Basic site analytics doesn't tally with Google data
- by Jenkz
After being stumped by an earlier quesiton: SO google-analytics-domain-data-without-filtering
I've been experimenting with a very basic analytics system of my own.
MySQL table:
hit_id, subsite_id, timestamp, ip, url
The subsite_id let's me drill down to a folder (as explained in the previous question).
I can now get the following metrics:
Page Views - Grouped by subsite_id and date
Unique Page Views - Grouped by subsite_id, date, url, IP (not nesecarily how Google does it!)
The usual "most visited page", "likely time to visit" etc etc.
I've now compared my data to that in Google Analytics and found that Google has lower values each metric. Ie, my own setup is counting more hits than Google.
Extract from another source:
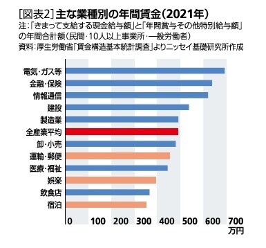 賃金に関して言えば、とりわけ観光関連産業における賃金水準は低位に留まっている。2021年の一人当たり平均賃金を見ると、観光との関わりが深い宿泊業や娯楽業、運輸業の平均賃金は全産業平均を下回り、特に宿泊業や娯楽業では7~8割の水準に留まっている。21年はコロナ禍の悪影響を受けていた面もあるとはいえ、これらの業種の賃金が相対的に低いという状況は長らく変わっていない(図表2)。

So I've started discounting IP's from various web crawlers, Google, Yahoo & Dotbot so far.
Short Questions:
Is it worth me collating a list of
all major crawlers to discount, is
any list likely to change regularly?
Are there any other obvious filters
that Google will be applying to GA
data?
What other data would you
collect that might be of use further
down the line?
What variables does
Google use to work out entrance
search keywords to a site?
The data is only going to used internally for our own "subsite ranking system", but I would like to show my users some basic data (page views, most popular pages etc) for their reference.